What the task requires → Set down every record below exactly as it stands, leaving out the pictures.
======
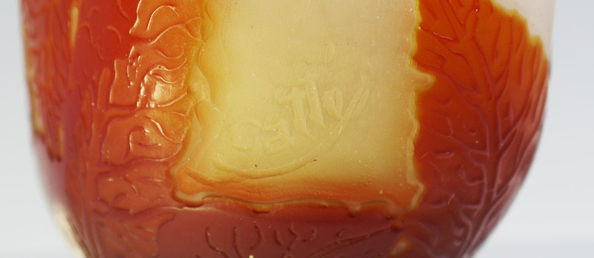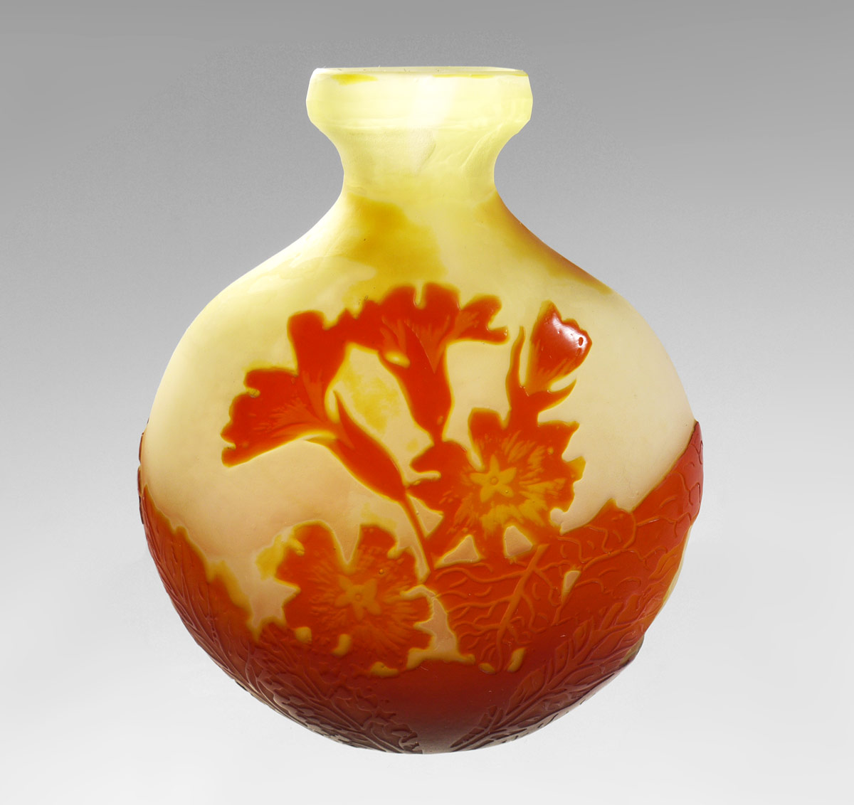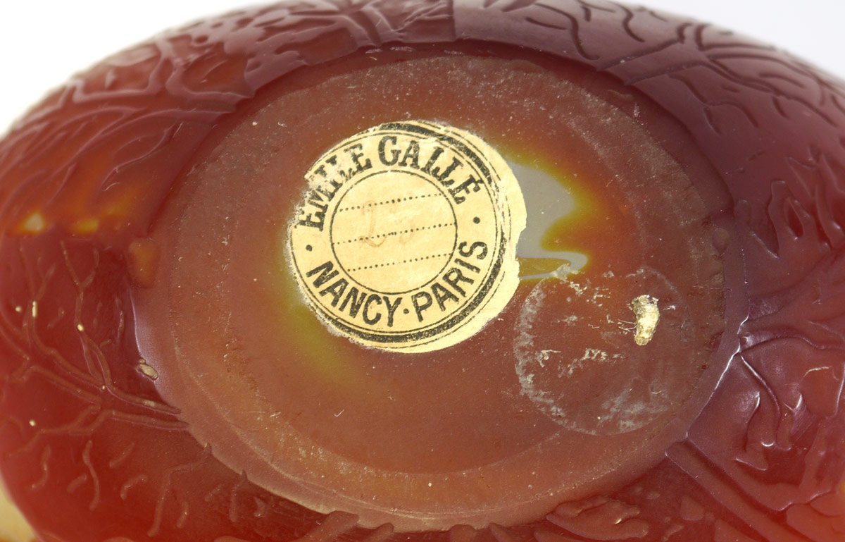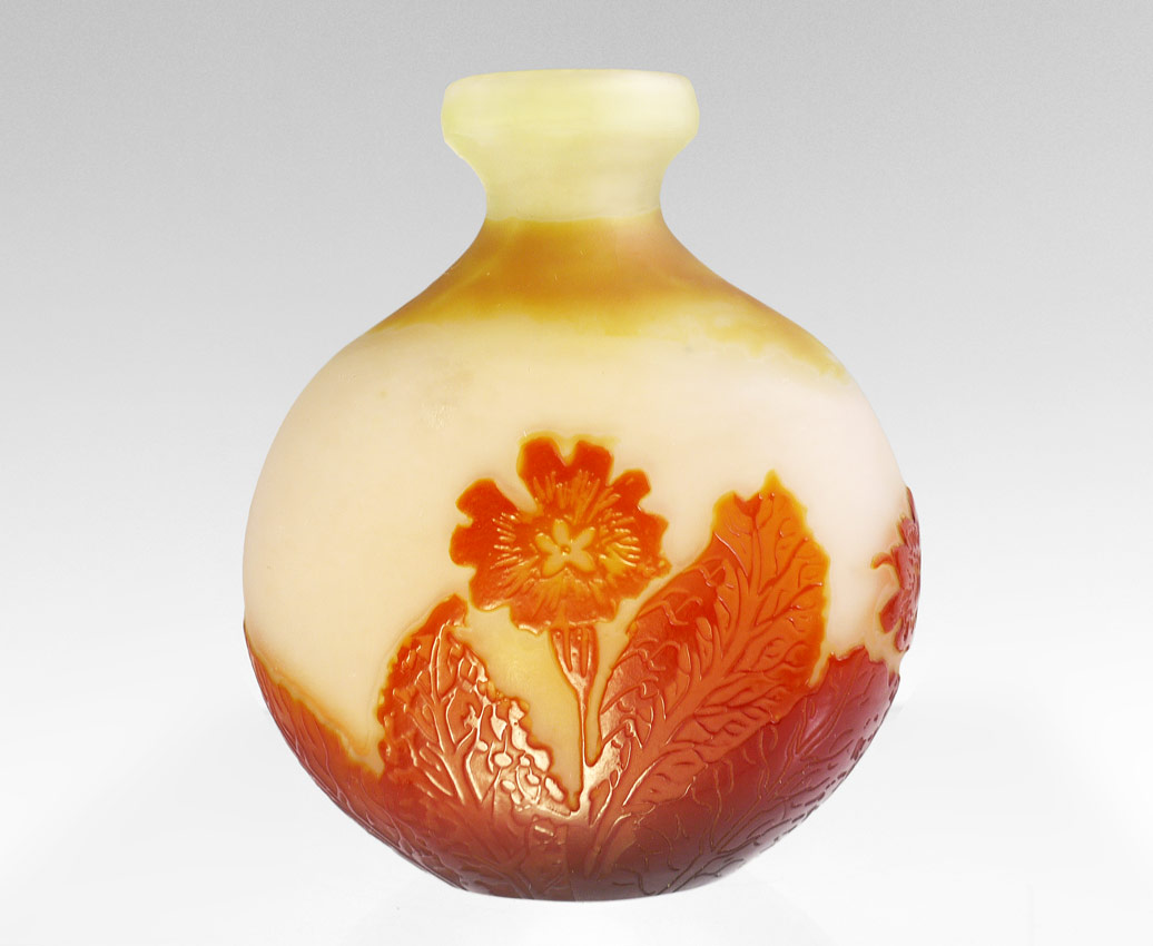 CAMEO GLASS VASE SIGNED GALLE: Cameo cut in a floral design, Emile Galle Nancy Paris paper label, 5'' x 4 1/2''.
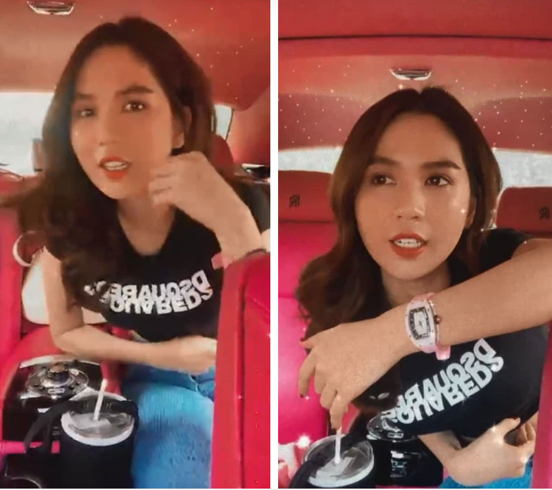 Ngọc Trinh di chuyển đến công trường bằng chiếc Rolls Royce, đeo trên tay đồng hồ tiền tỷ
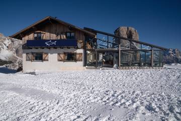 Um dies zu feiern, soll der gesamte Ort Cortina im Zeichen von Paul&Shark stehen und für Besucher:innen viel zu entdecken bieten. Ein kreatives Konzept wird in der direkt an den Skipisten liegenden Schutzhütte ‘Scoiattoli’ präsentiert. Das Hai-Motiv zieht sich durch die Inneneinrichtung des Hauses und Einkehrende können sich an speziell gestalteten Tischen stärken. Kissen, Decken und Dekor folgen dem blauen Motto der Marke. Auf der Panoramaterrasse der Hütte dient eine überdimensionale Skimaske als Kunstinstallation.
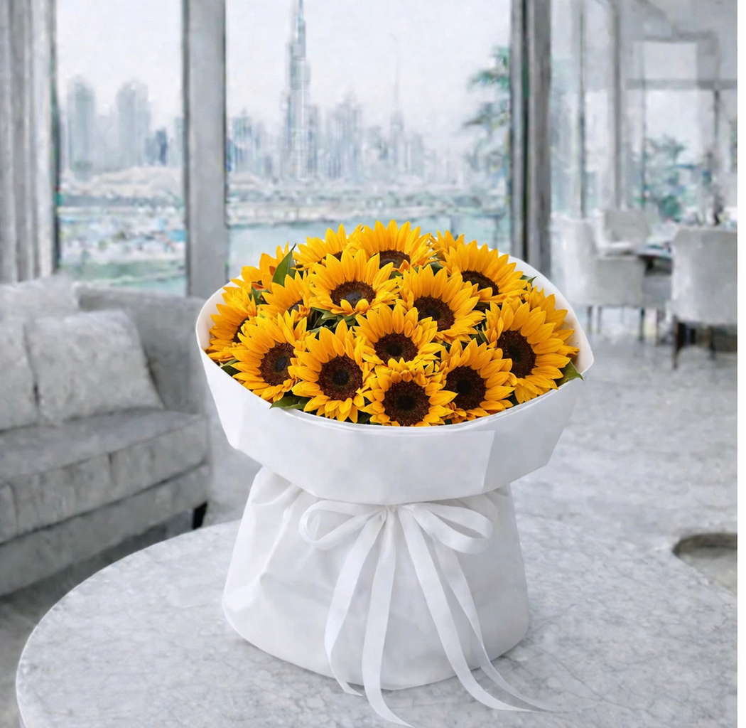 Surprise them with a gift that's surely will be remembered, a classy simple yet elegant flower bouquet! This stunning arrangement features sunflower in white wrapping & an elegant bow.
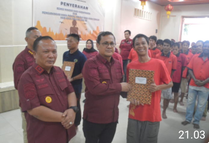 Bertempat di Vihara Lapas Kelas I Medan, 43 Orang warga binaan yang beragama Budha mendapatkan haknya atas pengurangan masa hukuman atau remisi khusus Hari Raya Waisak.
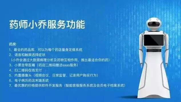 小乔机器人是一家以机器人软硬件研发为核心,集生产、销售于一体,拥有行业领先的智能软硬件一体化平台的国家高新技术企业,拥有自主知识产权和核心技术,曾获多项国家专利。其中“药师小乔”是一款药店智能机器人,定位为执业药师助手。运用了“大数据+人工智能+云计算”等智能技术,具有语音交流、症状分析、智能选药、自主学习,人脸识别,指纹识别,便于新增会员等功能。
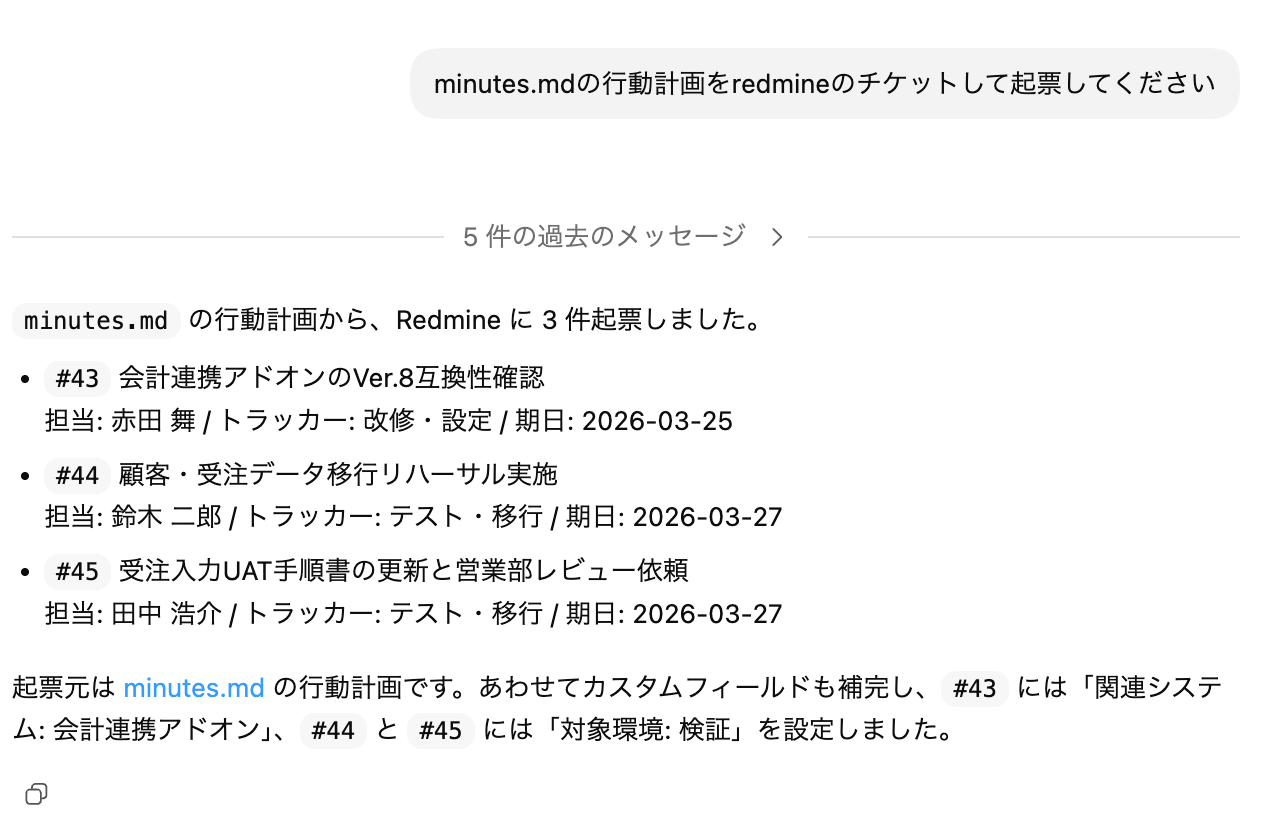 準備ができたら、minutes.md の行動計画を Redmine のチケットとして起票します。今回使ったプロンプトは次の通りです。
======
Expected answer →
 CAMEO GLASS VASE SIGNED GALLE: Cameo cut in a floral design, Emile Galle Nancy Paris paper label, 5'' x 4 1/2''.
 Ngọc Trinh di chuyển đến công trường bằng chiếc Rolls Royce, đeo trên tay đồng hồ tiền tỷ
 Um dies zu feiern, soll der gesamte Ort Cortina im Zeichen von Paul&Shark stehen und für Besucher:innen viel zu entdecken bieten. Ein kreatives Konzept wird in der direkt an den Skipisten liegenden Schutzhütte ‘Scoiattoli’ präsentiert. Das Hai-Motiv zieht sich durch die Inneneinrichtung des Hauses und Einkehrende können sich an speziell gestalteten Tischen stärken. Kissen, Decken und Dekor folgen dem blauen Motto der Marke. Auf der Panoramaterrasse der Hütte dient eine überdimensionale Skimaske als Kunstinstallation.
 Surprise them with a gift that's surely will be remembered, a classy simple yet elegant flower bouquet! This stunning arrangement features sunflower in white wrapping & an elegant bow.
 Bertempat di Vihara Lapas Kelas I Medan, 43 Orang warga binaan yang beragama Budha mendapatkan haknya atas pengurangan masa hukuman atau remisi khusus Hari Raya Waisak.
 小乔机器人是一家以机器人软硬件研发为核心,集生产、销售于一体,拥有行业领先的智能软硬件一体化平台的国家高新技术企业,拥有自主知识产权和核心技术,曾获多项国家专利。其中“药师小乔”是一款药店智能机器人,定位为执业药师助手。运用了“大数据+人工智能+云计算”等智能技术,具有语音交流、症状分析、智能选药、自主学习,人脸识别,指纹识别,便于新增会员等功能。
 準備ができたら、minutes.md の行動計画を Redmine のチケットとして起票します。今回使ったプロンプトは次の通りです。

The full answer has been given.